En un coloquio brindado en el Instituto Balseiro, el físico argentino, Juan Martín Maldacena, explicó de forma amena cómo investigar el origen del Universo.
Fecha de publicación: 24/04/2026
En el Balseiro pasan cosas muy interesantes. Un día del último diciembre, al ir caminando por el campus, entre aulas, cada tanto se escuchaban ovaciones. ¿Ovaciones? Sí.

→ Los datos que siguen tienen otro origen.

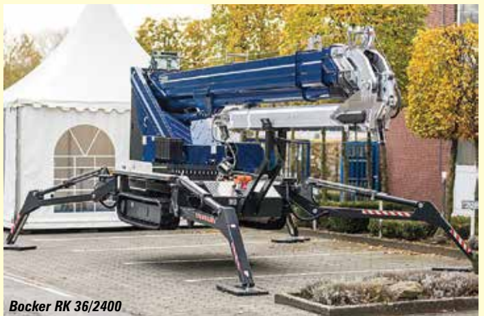
Böcker RK 36/2400

five section 19.4 metre boom and can pick & carry 3.5 tonnes. Also check two updated spider cranes, the 3.8 tonne MC405C-3 and the 2.82 tonne MC285C-3. New features include slew limit setting, 7 inch display, HBC radio remote controls, multi-position outrigger system and EU Stage V diesel. Next door to Wolffkran Brennero/BG Lift to see the 14.5 tonnes Effer based CWE 525 articulated spider crane and

Es que estudiantes de física y de ingeniería en telecomunicaciones estaban presentando sus proyectos de finalización de carrera y, así, docentes, familias, amistades, aplaudían y vitoreaban a sus egresados. Pero al mismo tiempo, ese viernes 19, en el salón de actos, se estaba llevando a cabo la finalización de los festejos por el 70 aniversario del IB; que concluirían con una charla del Dr. Juan Martín Maldacena, el destacado y multipremiado físico argentino. Y así fue, festejos en los pasillos y agujeros negros de bolsillo en el escenario.
Entre tanto evento interesante, el zoom se centra en el salón de actos, donde el Dr. Gerardo Aldazabal está presentando a Maldacena, su alumno de tesis de grado en el Balseiro, hace ya 35 años. La charla estará dedicada a geometría, agujeros negros y mecánica cuántica, ahí, bien al borde, en las fronteras de la física y la astrofísica. Mundos soñados traducidos al lenguaje de la ciencia.
Caminos para entender el principio del Universo
El fin de la exposición de Maldacena fue contar una de las estrategias que se están utilizando en ciencia para intentar comprender el comienzo del Universo. Su presentación estuvo dirigida a público de muy diversas edades y formación. Un desafío que superó con precisión y humor. Así, comenzó su charla citando a Galileo, con aquella frase con la que aseguró que el libro de la Naturaleza está escrito en el lenguaje de las matemáticas y la geometría.
A partir de esta premisa, el investigador llevó al público desde aquella geometría de la escuela (la Euclidiana), que explica que dos rectas paralelas nunca se tocan, hacia nuevas geometrías llamadas, entre otras, geometrías del espacio hiperbólico en distintas dimensiones y geometrías fractales. ¿Por qué partió de aquí? Porque las geometrías euclídias, aclaró, no son suficientes para describir y entender el espacio de tres dimensiones en el que vivimos. Es más, para estudiar el Universo se utilizan geometrías que consideran más que las tres dimensiones clásicas (alto, ancho y largo).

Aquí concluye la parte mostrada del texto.